Pre/Post session command task will be used to generate a comma delimited file with session run details. This file will be stored into $PMSourceFileDir\ directory with a name $PMWorkflowName_stat.txt

Note :
  • $PMSourceFileDir$PMWorkflowName are the session parameter, which gives the source file directory and name of workflow.
  • File name generated will always be <WorkflowName>_stat.txt
The comma delimited file will have the structure as below.
    • ETL Start time
    • ETL End time
    • ETL Job name
    • Source table name
    • Target table name
    • Source record count
    • Records inserted count
    • Records updated count
    • Error record count
    • ETL Job status
We will be using the built-in session parameters to collect session run details. 
    • $PMSessionName : Name of the Informatica session.
    • $PMSourceName@TableName : Name of the source table name.
    • $PMTargetName@TableName : Name of the target table name.
    • $PMSourceQualifierName@numAffectedRows : Number of records returned from source.
    • $PMTargetName@numAffectedRows : Number of record inserted/updated into the target table.
    • $PMTargetName@numRejectedRows : Number of records error out in target.
Note : SourceName, TargetName, SourceQualifierName will be replaced by corresponding transformation instance name used in the mapping.

Pre Session Command Task

Pre session command task will be used to create the file with the session start time stamp. 

echo %DATE:~10,4%-%DATE:~4,2%-%DATE:~7,2% %TIME:~0,2%:%TIME:~3,2%:%TIME:~6,2%,
$PMSourceFileDir\$PMWorkflowName_stat.txt

Post Session Success Command Task

Post session success command task will be used to append the file, which is created in the pre session command with session run details.

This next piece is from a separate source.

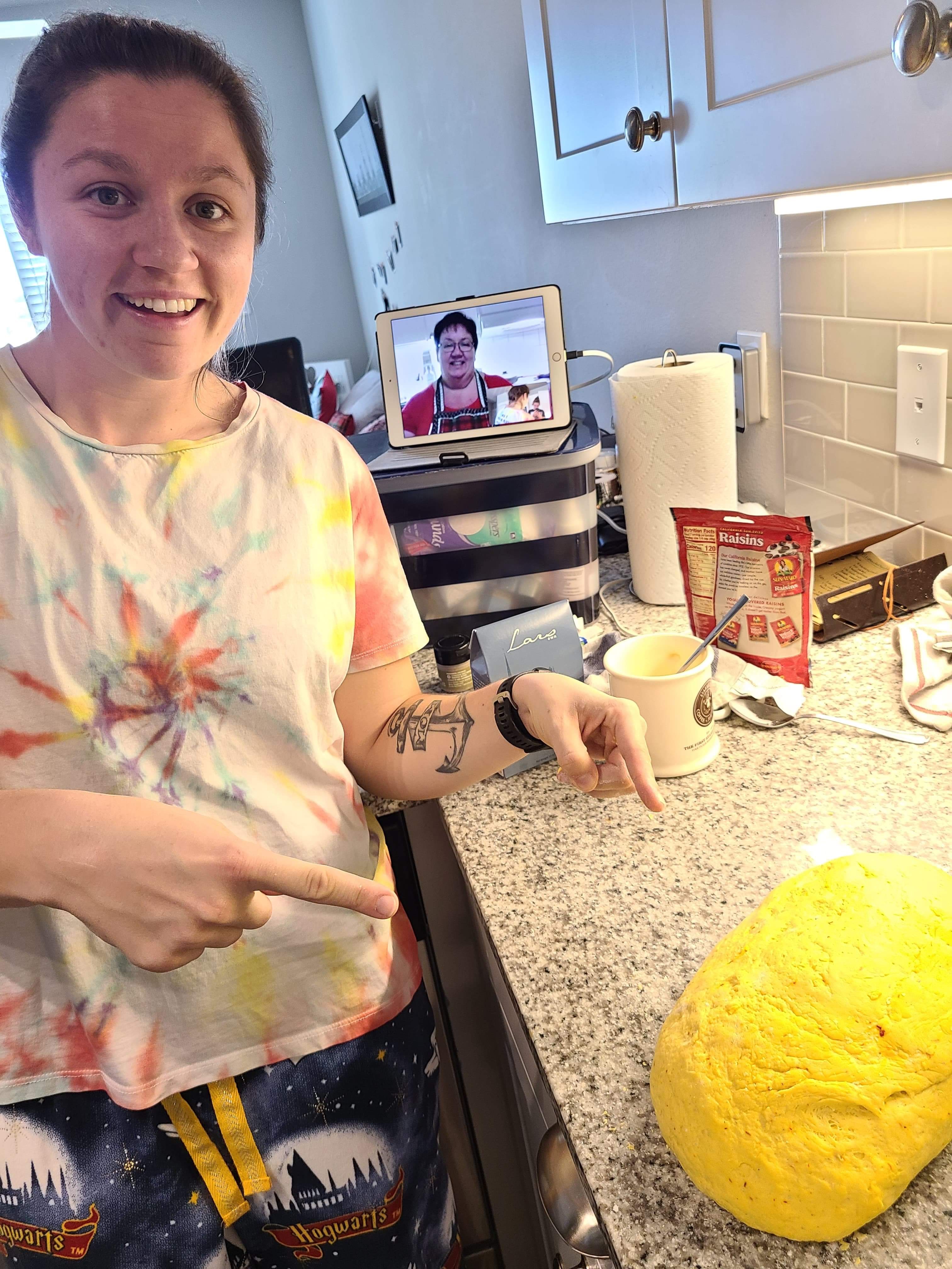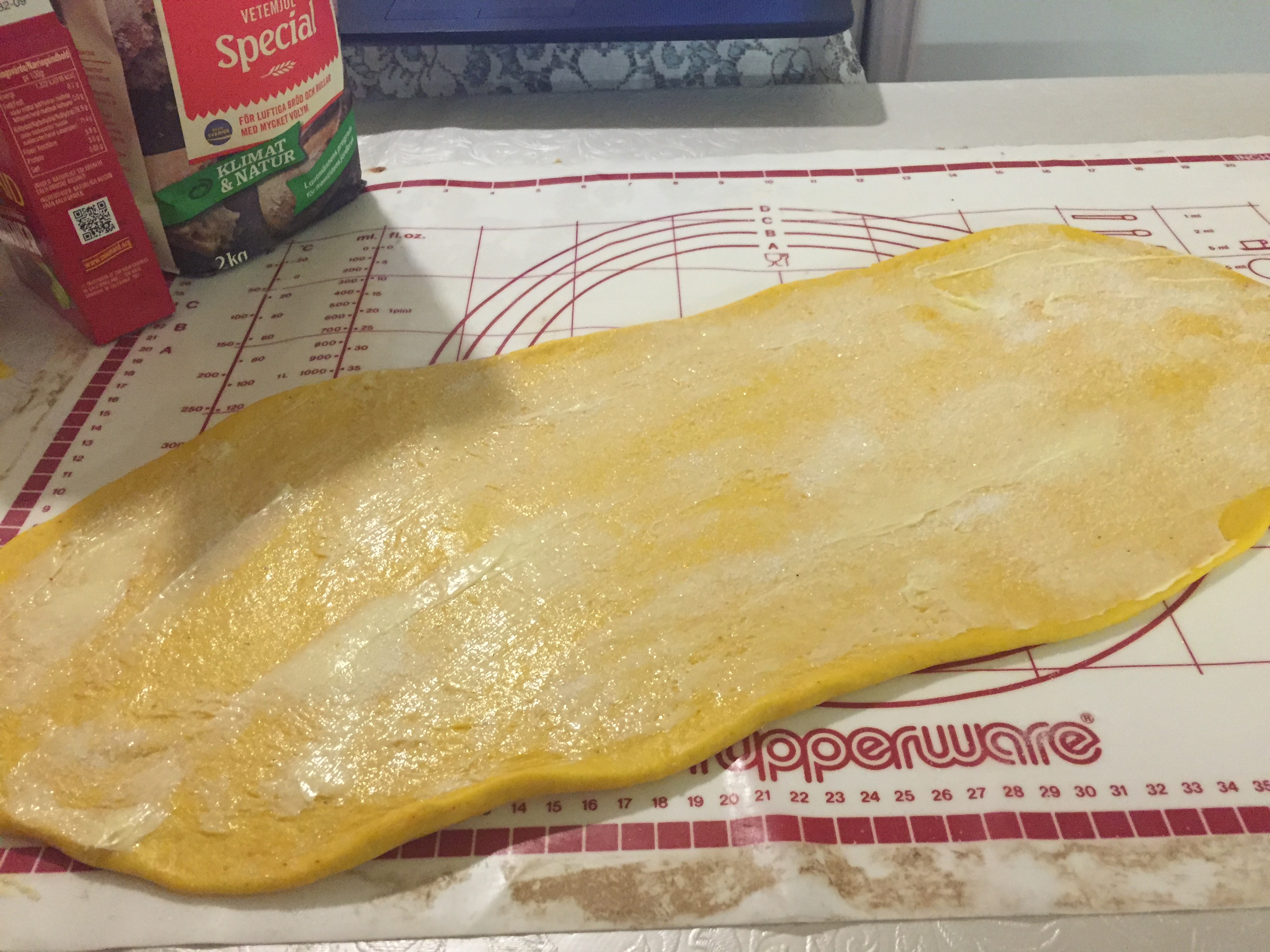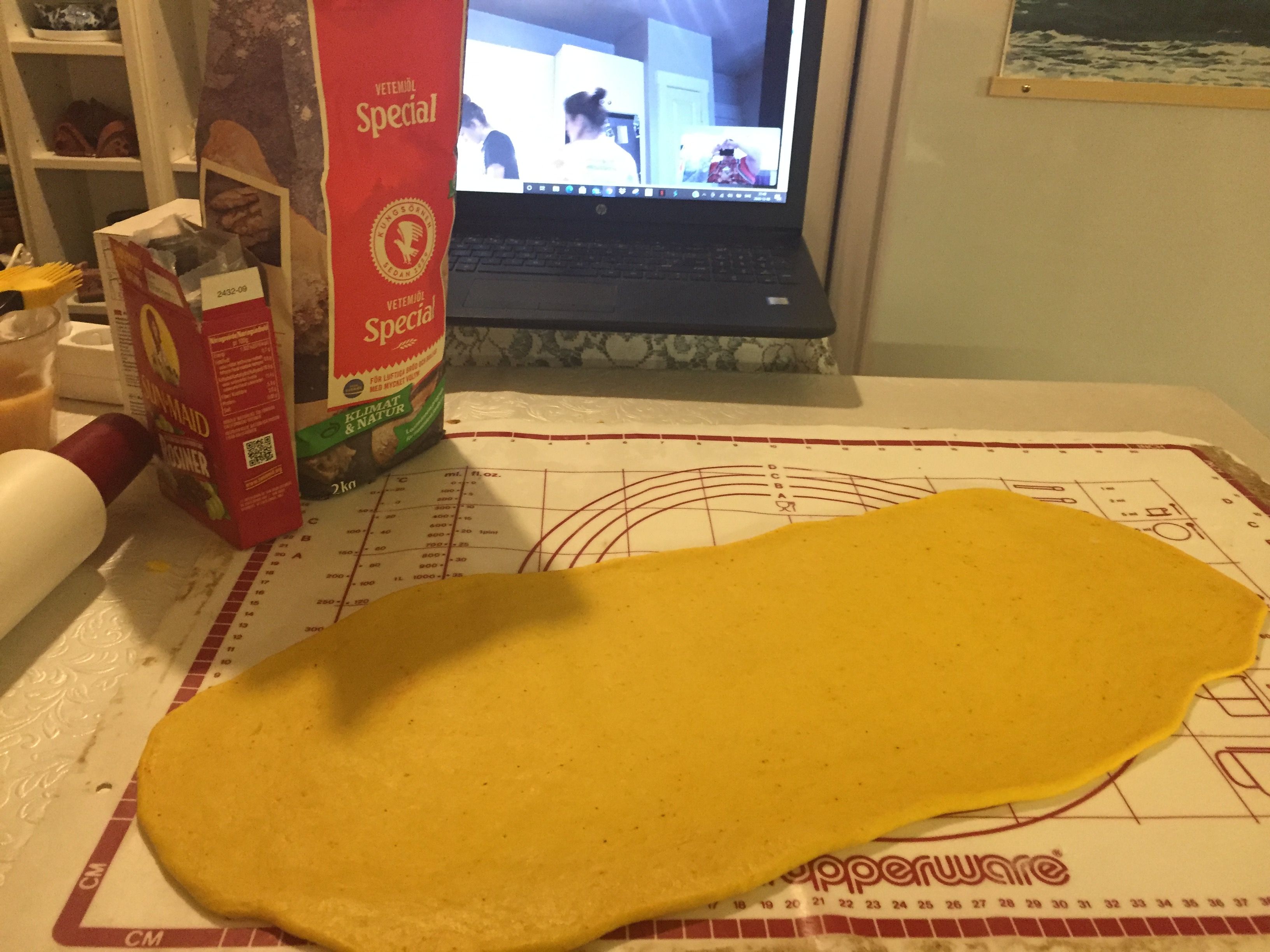 You make it from the same dough. Roll is out with a rolling pin and spread butter and suger över the whole. Some even spread raisins and/or pistagenuts and marzinpan. I made it simple this time with just butter and sugar. Roll it up like a snake and make a ring. Place the ring on a bakingtray on parchment paper. And than you cut. Start from one place and go in one direction as you cut all around. Fold the cut parts to each side to make the leaf formation. Do this around the whole. My mother taught me to make this kind of Cringle which is called Bladkrans in Norwegian when you make the leaf shape. A Cringle could even be braided.

This will capture the SUCCESS status along with other session run details.

echo %DATE:~10,4%-%DATE:~4,2%-%DATE:~7,2% %TIME:~0,2%:%TIME:~3,2%:%TIME:~6,2%,$PMSessionName,
$PMSTG_CUSTOMER_MASTER@TableName,
$PMINS_CUSTOMER_MASTER@TableName,
$PMSQ_STG_CUSTOMER_MASTER@numAffectedRows,
$PMINS_CUSTOMER_MASTER@numAffectedRows,
$PMUPD_CUSTOMER_MASTER@numAffectedRows,
$PMINS_CUSTOMER_MASTER@numRejectedRows,
SUCCESS,
>> $PMSourceFileDir\$PMWorkflowName_stat.txt

Post Session Failure Command Task

Post session failure command task will be used to append the file, which is created in the pre session command with session run details. This will capture the FAILURE status along with other session run details.

echo %DATE:~10,4%-%DATE:~4,2%-%DATE:~7,2% %TIME:~0,2%:%TIME:~3,2%:%TIME:~6,2%,$PMSessionName,
$PMSTG_CUSTOMER_MASTER@TableName,
$PMINS_CUSTOMER_MASTER@TableName,
$PMSQ_STG_CUSTOMER_MASTER@numAffectedRows,
$PMINS_CUSTOMER_MASTER@numAffectedRows,
$PMUPD_CUSTOMER_MASTER@numAffectedRows,
$PMINS_CUSTOMER_MASTER@numRejectedRows,
FAILURE,
>> $PMSourceFileDir\$PMWorkflowName_stat.txt

Note : 
  • Pre/Post session commands need to be changed based on Informatica server operating system.
  • Highlighted part of the script need to be change based on the source, target table instance name used in the mapping.

III. Reusable session

Reusable Mapping

A reusable mapping will be created to read data from the comma delimited file generated by the pre/post session command task. Below is the mapping created with an expression transformation to populate additional columns required in the target table 'ETL_PROCESS_STAT'
    • ETL_RUN_DATE :- TRUNC(SESSSTARTTIME)
    • ETL_CREATE_TIME :- SESSSTARTTIME
    • ETL_UPDATE_TIME :- SESSSTARTTIME
    • ETL_START_TIME :- TO_DATE(LTRIM(RTRIM(ETL_START_TIME)),'YYYY-MM-DD HH24:MI:SS')
    • ETL_END_TIME :- TO_DATE(LTRIM(RTRIM(ETL_END_TIME)),'YYYY-MM-DD HH24:MI:SS')
ETL Framework mapping

Reusable Session

A reusable session will be created based on the mapping created in the last step. Session will be configured to read data from the file created by the pre/post session command as shown below.

Note : Make sure the Source File Directory and Source File name are given correctly based on the file generated by pre/post session command

etl framework session

Framework implementation in a workflow

Shown below is a workflow using Operational Metadata logging framework. Pre/Post session command to generate file with session run details will be in the first session, The reusable session will be connected after to read data from the file and load into ETL_PROCESS_STAT table.